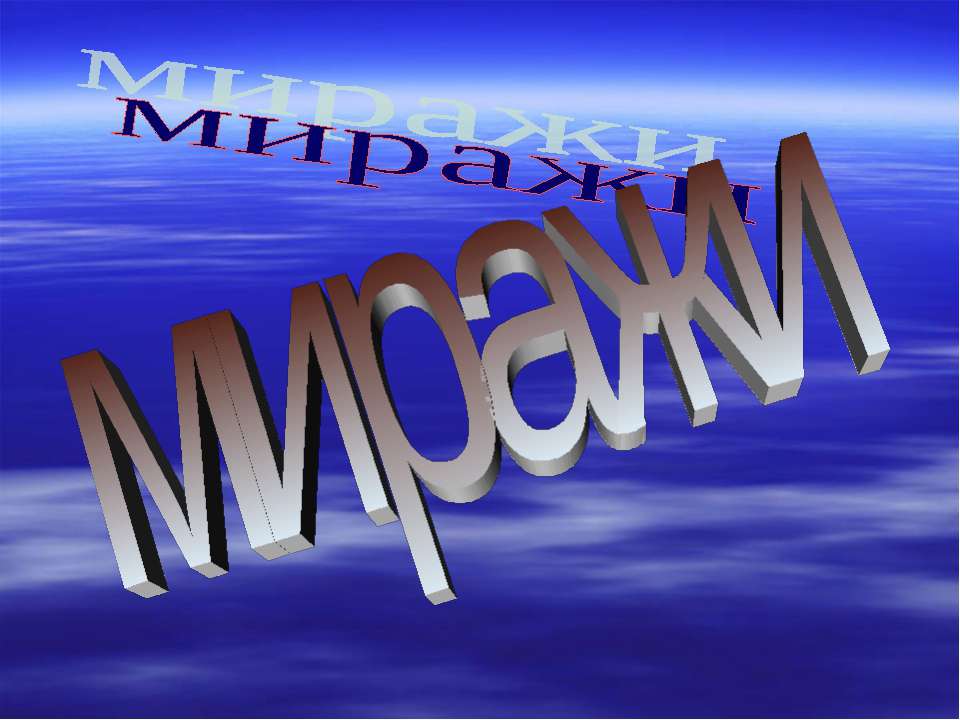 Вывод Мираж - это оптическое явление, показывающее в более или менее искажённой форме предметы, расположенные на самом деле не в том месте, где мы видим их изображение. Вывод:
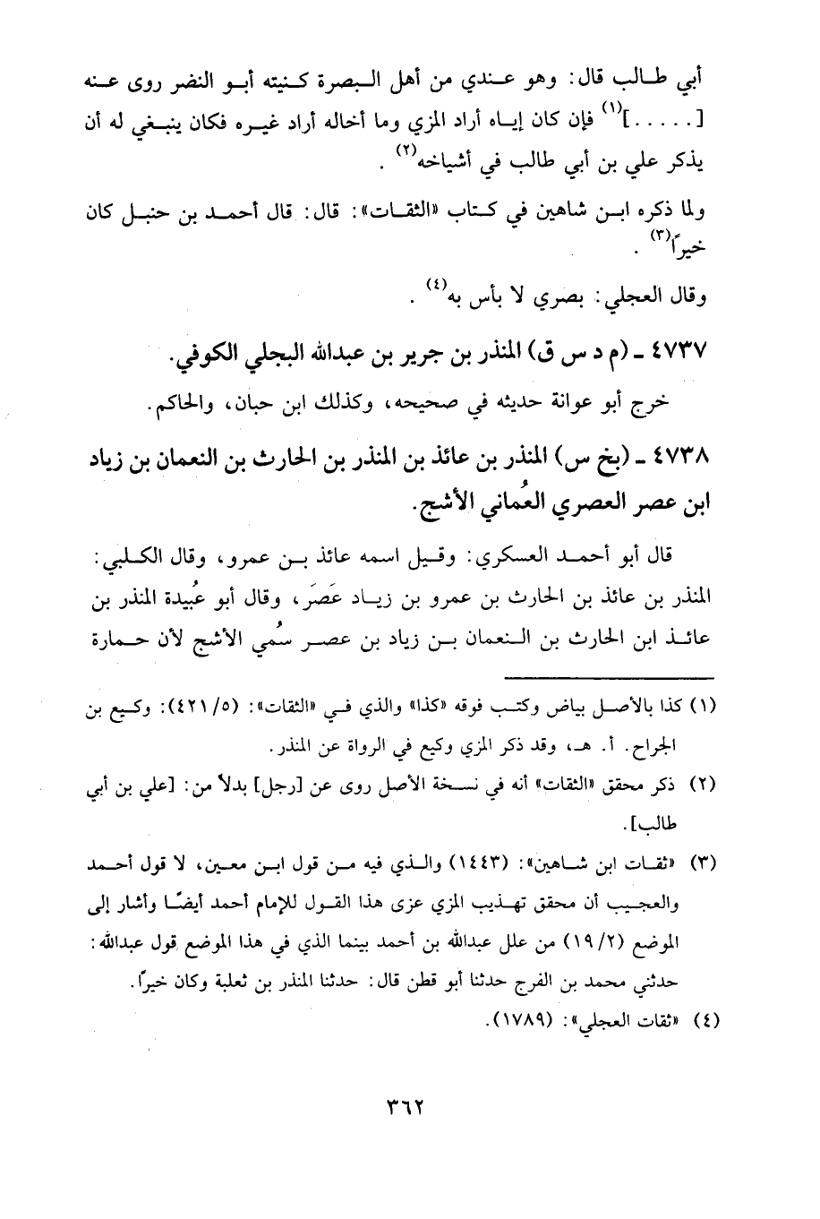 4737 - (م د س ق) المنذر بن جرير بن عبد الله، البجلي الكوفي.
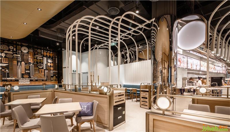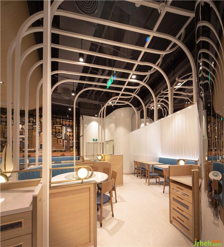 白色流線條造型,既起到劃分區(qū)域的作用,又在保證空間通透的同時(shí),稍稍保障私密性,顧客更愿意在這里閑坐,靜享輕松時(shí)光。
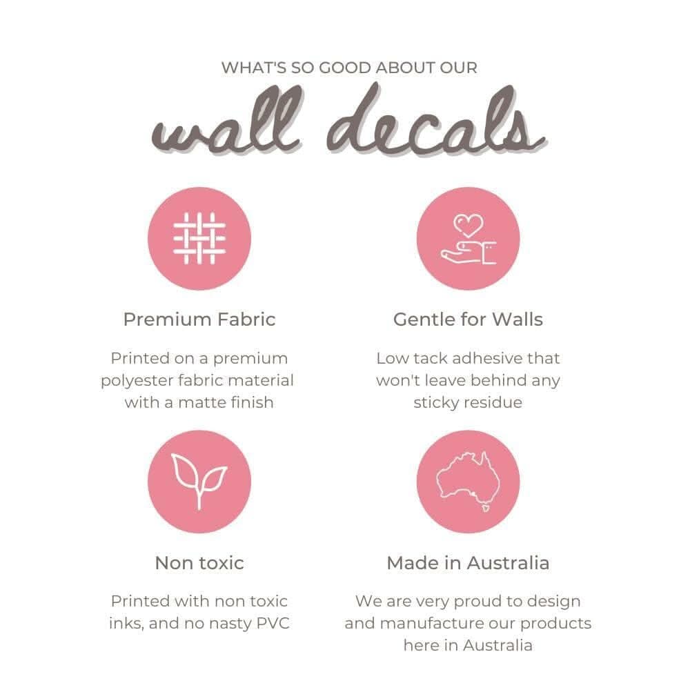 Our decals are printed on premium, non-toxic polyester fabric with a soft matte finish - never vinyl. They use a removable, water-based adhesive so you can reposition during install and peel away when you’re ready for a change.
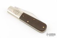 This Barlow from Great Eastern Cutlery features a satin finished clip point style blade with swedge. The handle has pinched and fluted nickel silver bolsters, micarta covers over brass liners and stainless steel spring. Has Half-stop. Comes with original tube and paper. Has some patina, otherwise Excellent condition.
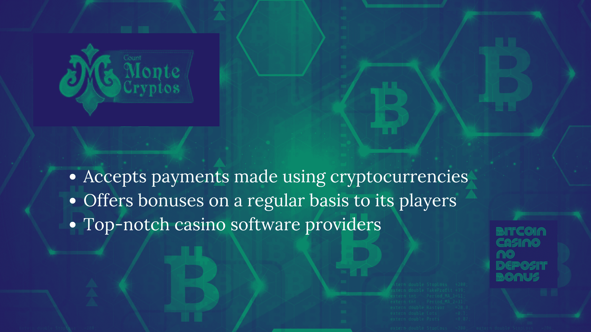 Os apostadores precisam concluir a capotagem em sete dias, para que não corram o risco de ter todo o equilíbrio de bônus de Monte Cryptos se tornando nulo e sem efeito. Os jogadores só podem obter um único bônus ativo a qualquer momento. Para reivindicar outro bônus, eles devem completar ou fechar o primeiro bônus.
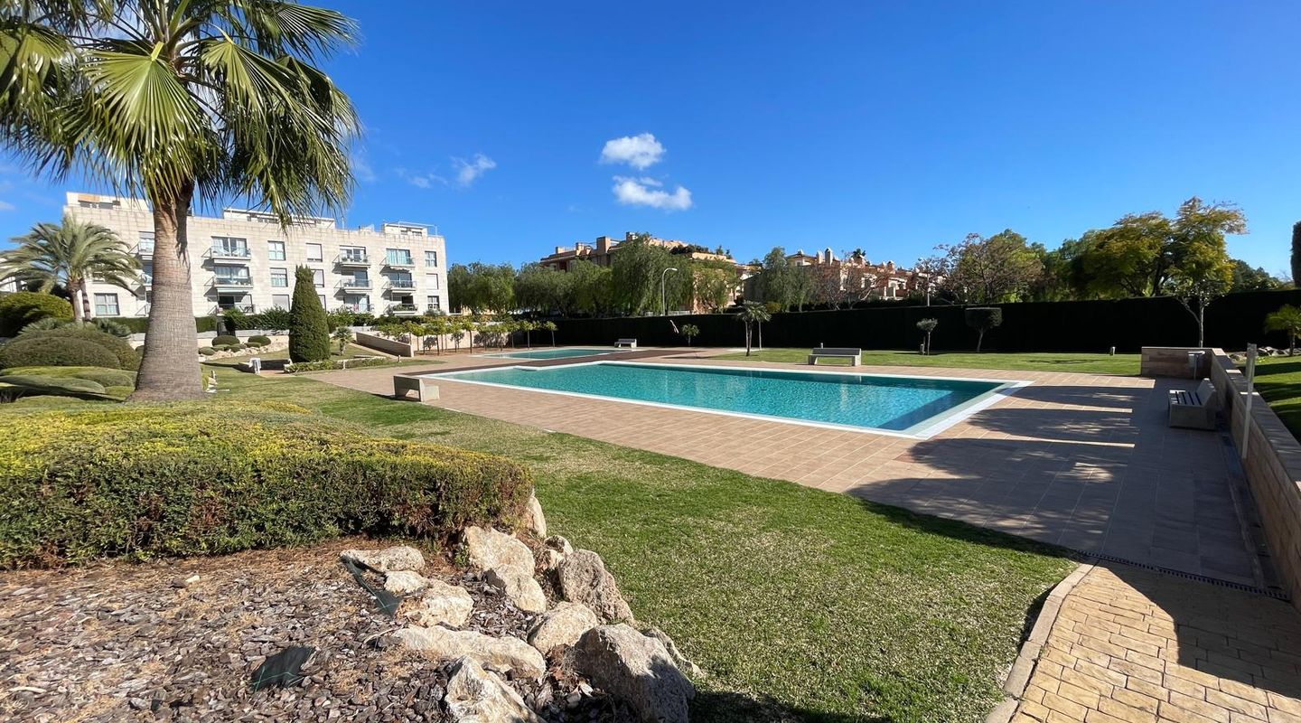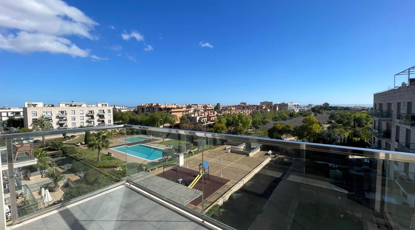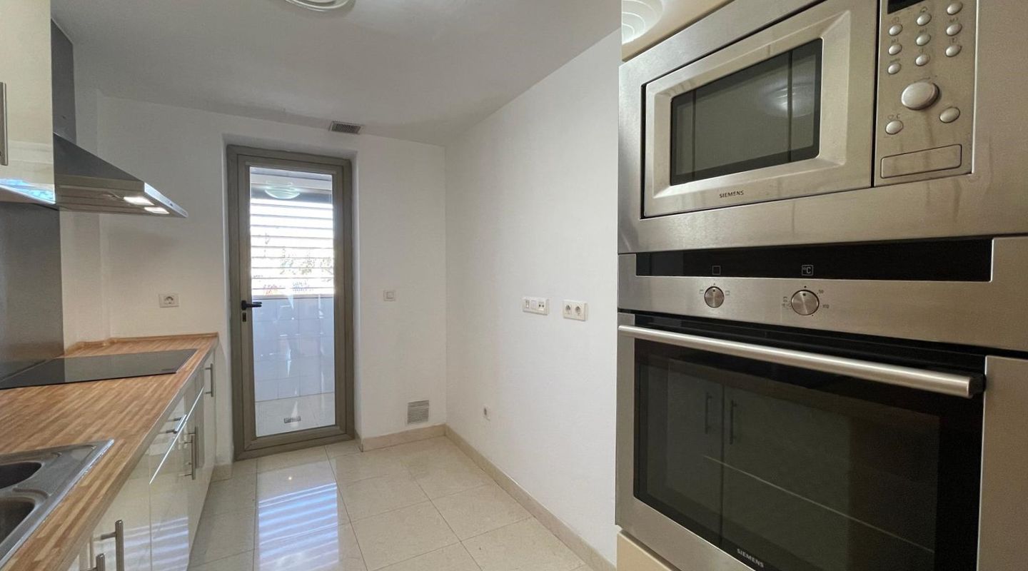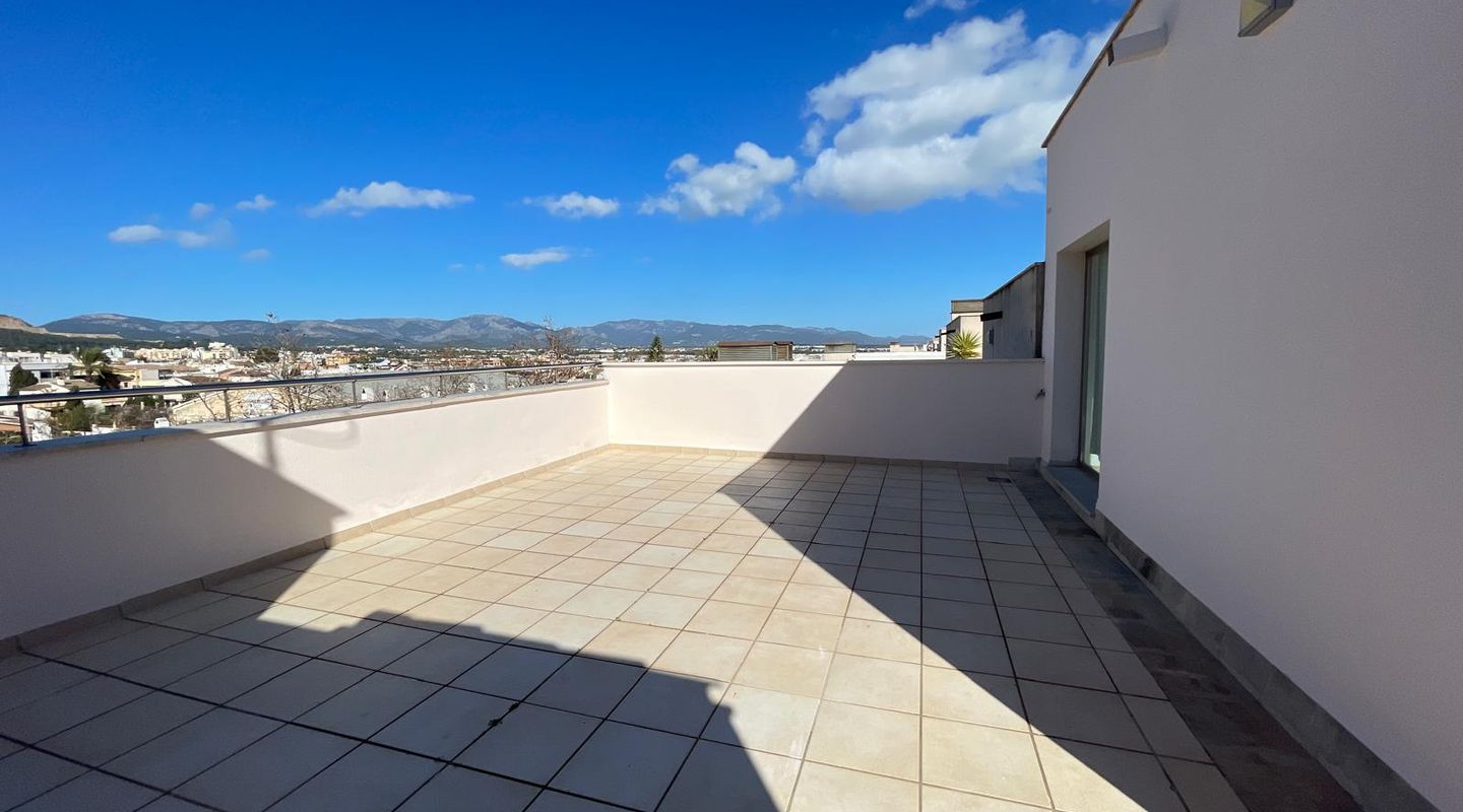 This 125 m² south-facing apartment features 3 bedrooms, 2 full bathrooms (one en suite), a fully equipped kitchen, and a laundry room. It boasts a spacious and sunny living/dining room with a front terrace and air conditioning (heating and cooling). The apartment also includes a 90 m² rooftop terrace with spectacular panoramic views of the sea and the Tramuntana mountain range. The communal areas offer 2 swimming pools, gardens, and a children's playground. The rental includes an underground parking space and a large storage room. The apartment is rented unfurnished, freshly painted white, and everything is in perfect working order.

• [ACTIVITY]:
Write the lines out word for word, starting at the one with "This Barlow from" and stopping after the last line of the material above, with pictures excluded.

• [ANSWER SPACE]:
 This Barlow from Great Eastern Cutlery features a satin finished clip point style blade with swedge. The handle has pinched and fluted nickel silver bolsters, micarta covers over brass liners and stainless steel spring. Has Half-stop. Comes with original tube and paper. Has some patina, otherwise Excellent condition.
 Os apostadores precisam concluir a capotagem em sete dias, para que não corram o risco de ter todo o equilíbrio de bônus de Monte Cryptos se tornando nulo e sem efeito. Os jogadores só podem obter um único bônus ativo a qualquer momento. Para reivindicar outro bônus, eles devem completar ou fechar o primeiro bônus.
 This 125 m² south-facing apartment features 3 bedrooms, 2 full bathrooms (one en suite), a fully equipped kitchen, and a laundry room. It boasts a spacious and sunny living/dining room with a front terrace and air conditioning (heating and cooling). The apartment also includes a 90 m² rooftop terrace with spectacular panoramic views of the sea and the Tramuntana mountain range. The communal areas offer 2 swimming pools, gardens, and a children's playground. The rental includes an underground parking space and a large storage room. The apartment is rented unfurnished, freshly painted white, and everything is in perfect working order.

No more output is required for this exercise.